3. Context State Initialization
Allocates and initializes two objects: the parser state (1,128 bytes, sub_424070(pool, 1128)) and the lexer state (2,528 bytes, sub_424070(pool, 2528)). The parser state stores a pointer to the lexer state at offset +1096. The string "PTX parsing state" identifies the parser state allocation in memory dumps. The string "<builtin>" serves as the filename for built-in declarations. Both objects are zeroed via memset before field initialization.

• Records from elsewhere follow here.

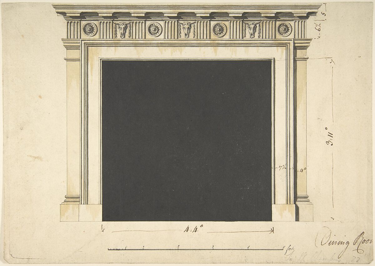 - Title: Design for a Chimneypiece with a Classical Cornice, for Ampthill Park, Bedfordshire, Dining Room
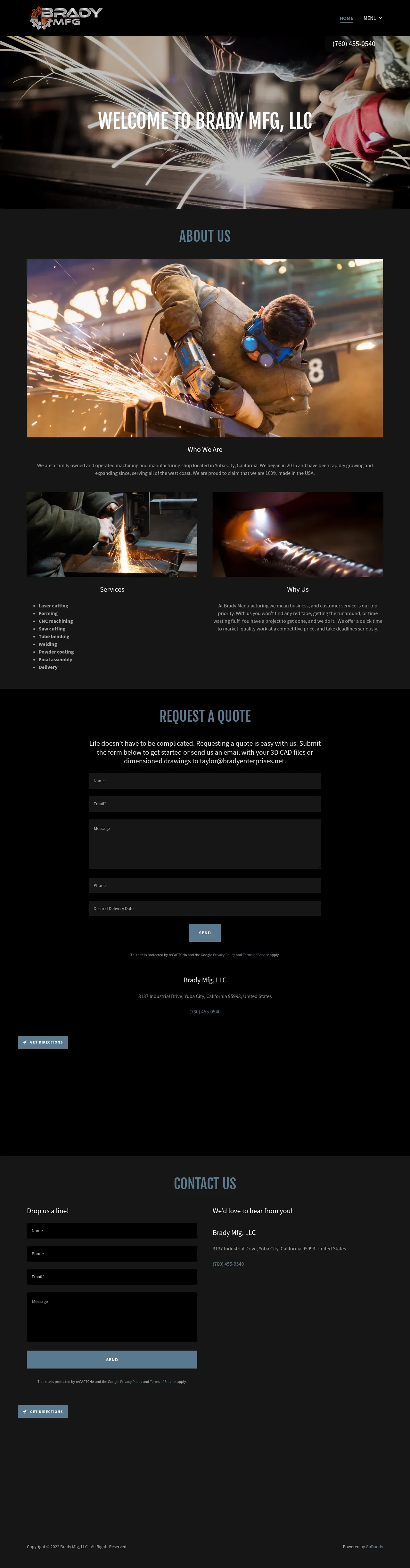 Brady Mfg, LLC is a family-owned machining and manufacturing facility based in Yuba City, California. Established in 2015, the company provides comprehensive metal fabrication and assembly services to clients throughout the West Coast. Their production capabilities span from laser cutting and CNC machining to welding and powder coating. All manufacturing processes are performed domestically, emphasizing a commitment to US-made quality. The firm focuses on quick market delivery and maintains competitive pricing for custom projects.
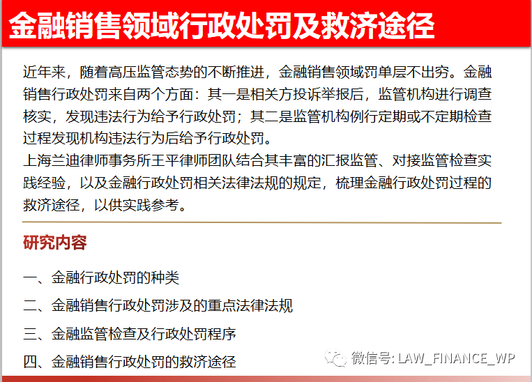近年來,隨著高壓監(jiān)管態(tài)勢的不斷推進,金融銷售領(lǐng)域罰單層不出窮。金融銷售行政處罰來自兩個方面:其一是相關(guān)方投訴舉報后,監(jiān)管機構(gòu)進行調(diào)查核實,發(fā)現(xiàn)違法行為給予行政處罰;其二是監(jiān)管機構(gòu)例行定期或不定期檢查過程發(fā)現(xiàn)機構(gòu)違法行為后給予行政處罰。行政處罰的救濟途徑包括檢查期間溝通、聽證程序、行政復議及行政訴訟,每個階段有各種特點,進而也有對應的溝通技巧。本次研究報告的內(nèi)容如下:
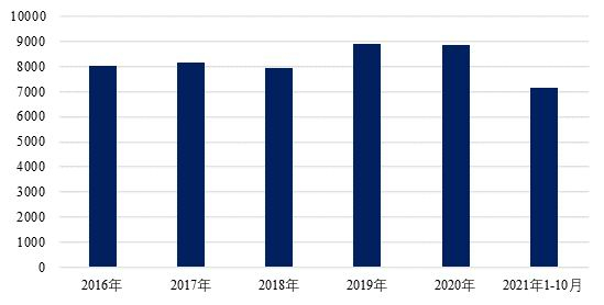 中国是世界第一纸浆进口国。主要从加拿大、芬兰、美国、俄罗斯、智利、瑞典、白俄罗斯、德国、阿根廷等国家或地区进口。从进口注册地来看,中国针叶浆主要进口注册地以山东省、浙江省、江苏省、重庆市、北京市为主2021年1-10月针叶浆进口量约为713.5万吨。2016年至2018年针叶浆全年进口量在800万吨左右,2019年针叶浆全年进口量为891.12万吨,2020年针叶浆全年进口量约为886.18万吨,2021年预计全年进口量在860万吨左右。中国木浆行业的产能近年呈现稳步增长的格局,2020年的年度木浆总产能约为1490.06万吨。纸浆行业呈现非标品供应宽松,基准交割品针叶浆供应紧缺的特点,全球阔叶浆的产能远远大于针叶浆的产能。未来阔叶浆有一定的产能投放计划,针叶浆产能投放计划较少。
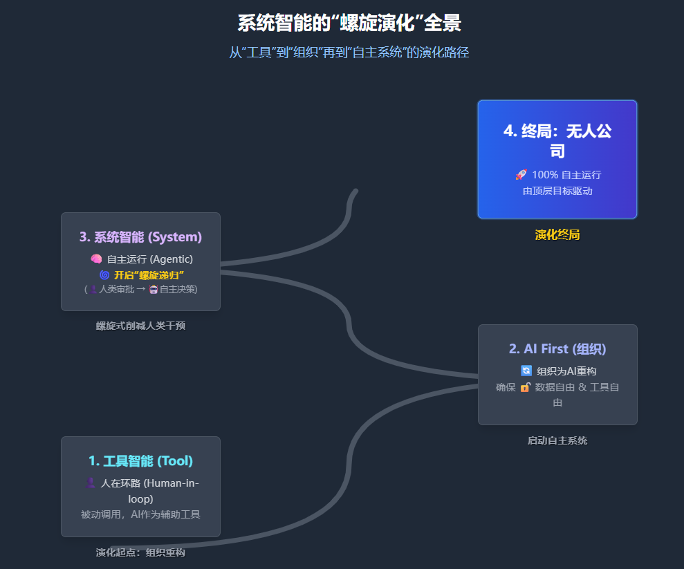 它是一个不断自我强化的正反馈。AI通过一次次循环,递归地优化掉组织中所有“不必要”的人类节点,从而“螺旋式”地提升自身智能和权限的边界。
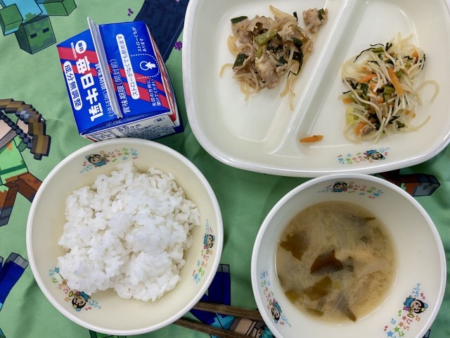 今日の給食は「ご飯・みそしる・豚スタミナ丼・ビーフンの炒めもの・牛乳」でした。子どもたちは、久しぶりの給食に「校長先生!めっちゃおいしい♪」とうれしそうに伝えてくれました。これからも、たくさん食べて、おいしさの感想をどんどん教えてくださいね。今年度も安全・安心でおいしい給食を届けたいと思います。
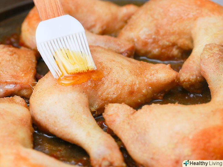 Запікайте курку.помістіть курячі ніжки в форму з розтопленим маслом. За допомогою щипців повністю покрийте ніжки маслом. Випікайте курку протягом 30 хвилин.- Не забувайте надягати рукавиці, щоб не обпектися, коли ви будете виймати форму з духовки. Поставте форму на спеціальну підставку.
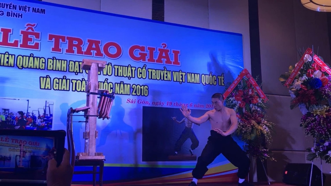 | Hình ảnh ông Nguyễn Viết Hải biểu diễn tại một Lễ trao giải võ thuật (Ảnh mạng xã hội) |
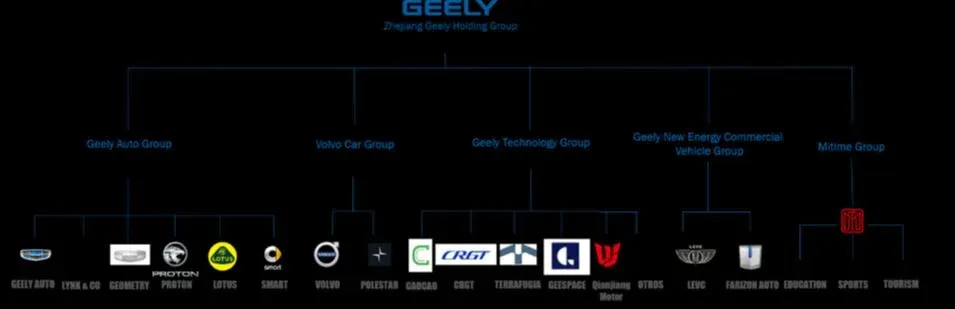 Geely Holding Group comercializa bajo el grupo automovilístico Geely: Geely, Protón, Lotus y Link & Co. (esta es la primera marca desarrollada luego de la fusión de Geely con Volvo).
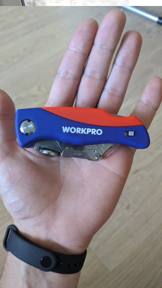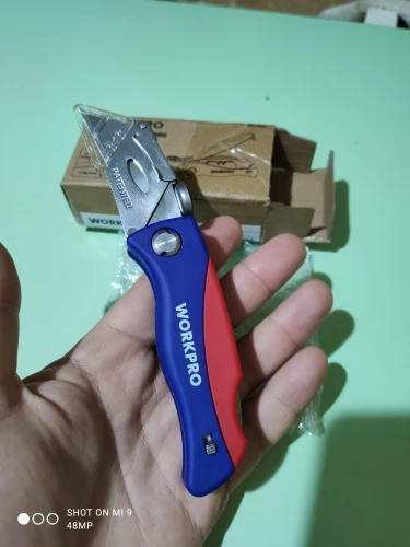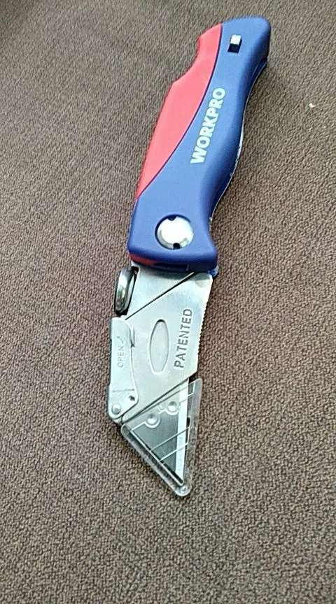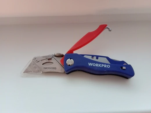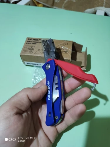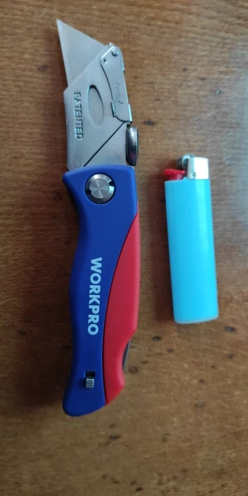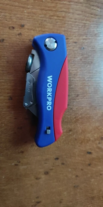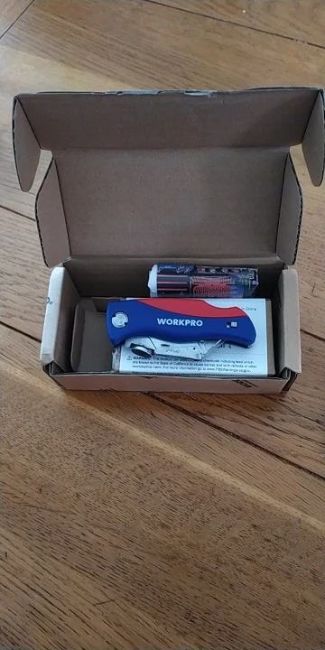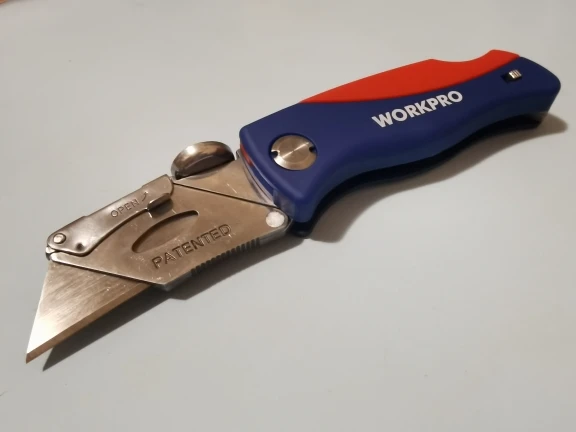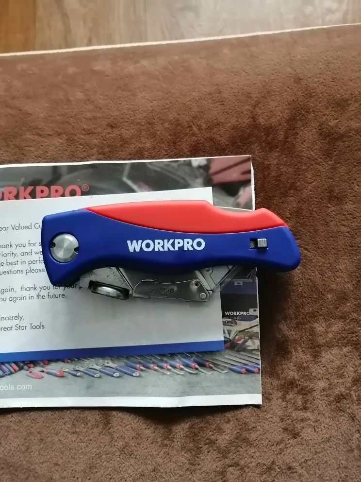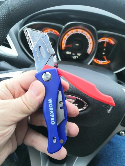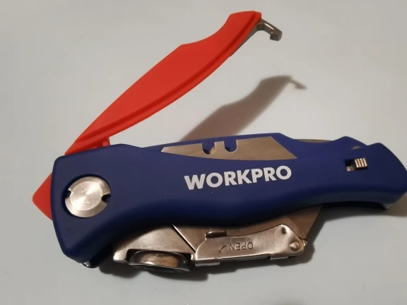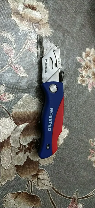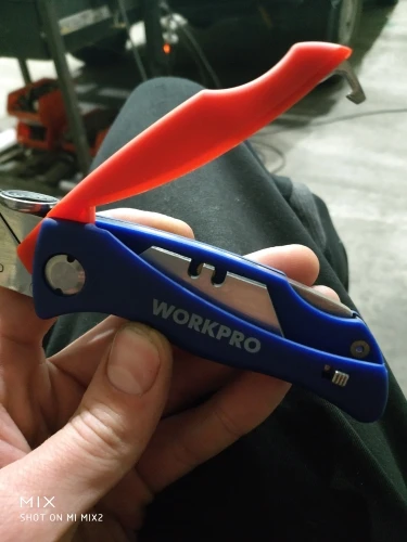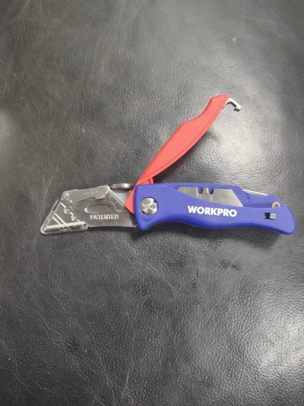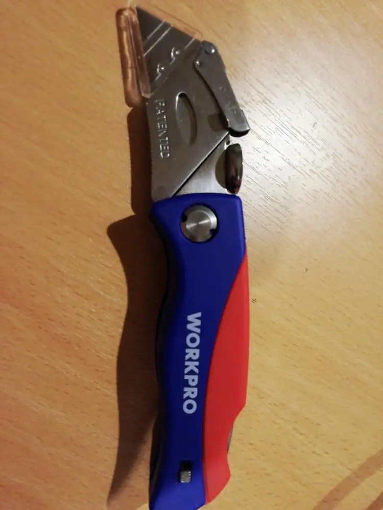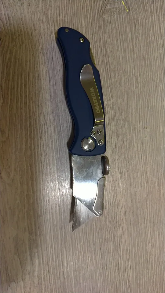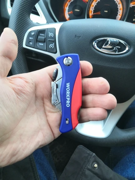 продавца рекомендую, workpro на высоте , как всегда. нож четкий, фиксатор работает исправно, есть место для большого пальца-упор. берите не пожалеете, в магазине я такого ее встретил, качество на высоте, доставка в Махачкалу быстрая, почта России рулит))). есть специальная насадка на лезвие, что-бы случайно не пораниться, в корпусе 5 запасных лезвий, надолго хватит!
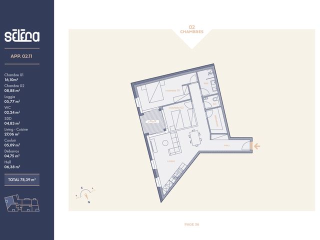 ÉTAGE 02 - Appartement 02.11 de 78,39 m2 habitables au deuxième étage disposant d'un hall d'entrée de 6,38 m2, d‘une pièce à vivre (cuisine-séjour) de 27,06 m2 avec accès direct à une loggia de 5,77 m2. L'appartement dispose également de deux chambres de 8,88 et 16,10 m2, d'une salle de douche de 4,83 m2, de WC séparé de 2,24 m2 et enfin d'un débarras de 4,75 m2.
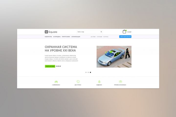 Данная разработка решала задачу создания лендинг-страницы интернет-магазина. Компания Square - розничный продавец автомобильных аксессуаров с акцентом на электронике (сигнализации, антирадары, и прочая). Square делает упор на гарантированное качество реализуемых товаров и работает только с уважаемыми поставщиками.
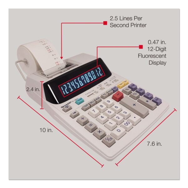 Balance the books every month with help from this Sharp EL-1801V printing calculator, which features cost, sell, and margin keys that are ideal for business applications.Create a record of your calculations with this Sharp printing calculator. The red and black printer ribbon lets you clearly denote positive and negative figures, while the raised spool makes it easy to review numbers as you work. The large, responsive buttons are color-coded for easy identification of numbers, functions, and specialty options. Use the various decimal settings to select the right option for your accounting tasks, and choose between grand total and rate setting mode for customized printouts. With a traditional numeric keypad setup, this Sharp printing calculator allows for fast data entry. Printing calculator offers 12-digit blue fluorescent display for convenient viewing. Prints up to 2.0 lines per second in two colors on standard size paper roll. Dimensions: 2.5″H x 7.6″W x 10.1″D. Powered by any standard AC outlet, eliminating the need for expensive batteries. 4-key memory keeps often-used figures accessible for speedier calculations. Tax calculation, cost, sell, margin, mark-up, and item counter functions make financial calculations streamlined. Decimal switch, rounding switch, average, percent, constant calculation, double zero, grand total, and shift functions to solve many additional mathematical problems. Package content: AC adapter, paper roll, 1 x CR2032 battery. Prints positive numbers in black and negative numbers in red, eliminating misreads. Angled display is easy on the eyes. 6-month manufacturer limited warranty.One-Touch CalculationsRound off numbers with decimals, add or subtract tax, and find averages of many amounts with the function buttons offered on the Sharp EL-1801V Calculator. Use the grand total key to bring together multiple figures in a complex math equation, or track profitability with the cost/sell/margins function. Easy to Use, Time and AgainThe…

Instruction Table Builder -- sub_46E000
This is the largest single function in the front-end region at 93 KB. It is not a normal function body but a massive initialization sequence that calls sub_46BED0 exactly 1,141 times -- once per legal PTX instruction variant. Each call registers an opcode name together with its accepted type combinations using compact encoding strings.
Operand Encoding Strings
Each instruction variant is registered with a string that encodes its operand signature. The encoding uses single-character codes for operand categories:
| Code | Meaning |
|---|---|
F | Float operand (.f16, .f32, .f64) |
H | Half-precision (.f16, .f16x2) |
I | Integer operand (.s8--.s64, .u8--.u64) |
B | Bitwise operand (.b8--.b128) |
N | Immediate / numeric literal |
P | Predicate operand |
String references found in the function include composite type signatures:
"F32F32"-- binary float32 operation"F16F16F16F16"-- quad half-precision"I32I8I8I32"-- integer MMA (int32 accumulator, int8 operands)"F64F64F64F64"-- quad float64 (double-precision MMA)"_mma.warpgroup"-- warp-group MMA marker
Hash Tables
The instruction table builder populates two hash tables at offsets +2472 and +2480 within the lexer state object (the 2,528-byte struct passed as the first argument to sub_46E000). These hash tables provide O(1) lookup from opcode name to the registered type combination list.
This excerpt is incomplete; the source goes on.